Integrated resource planning for electric utilities forecasts 20 years of load, generation, and rates. See the framework and where software fits.
Written by
Neal Gudhe
Published on
April 26, 2026
Updated on
July 5, 2026

Integrated resource planning (IRP) for electric utilities is a long-range planning document, typically 15 to 30 years forward, that combines load forecast, generation supply, demand-side resources, transmission, and rate impact into a single least-cost portfolio submitted to the state public utility commission. Most investor-owned electric utilities file an IRP every two to five years; electric cooperatives, municipal utilities, and federal power marketers file voluntarily or under wholesale supplier requirements. A modern IRP integrates AMI hourly load data, demand response, distributed energy resources, and clean-energy mandates into the same model the utility uses to decide which generating units to build, retire, or contract for.

The IRP filed this year shapes capital allocation for the next two decades. Getting it wrong is expensive both ways: overbuild and ratepayers overpay; underbuild and the utility imports power at spot prices or sheds load.

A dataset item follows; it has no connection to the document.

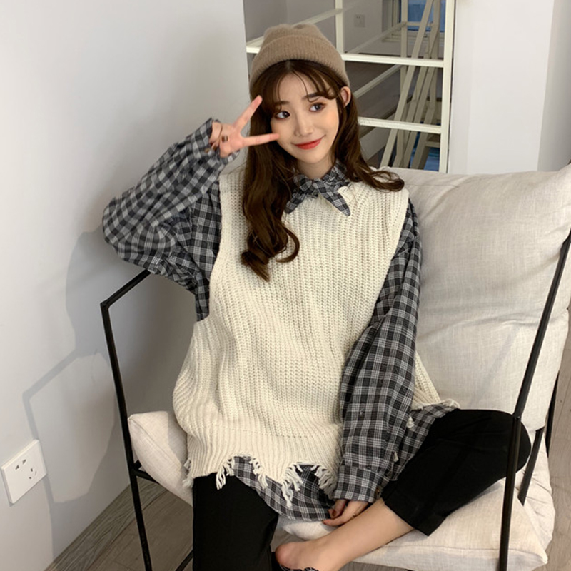 / 休閑套裝秋季女韓版破洞復古毛邊針織馬甲+中長款格子襯衫兩件套

This guide explains what an IRP is, who has to file one, the six components, the steps to build one, the supporting software, and how CIS and billing data feed the load forecast. Electric utilities running CIS, billing, and AMI on a modern cloud platform should look at SMART360 for electric utility management, which produces hourly load shapes by customer class that any credible IRP forecast depends on.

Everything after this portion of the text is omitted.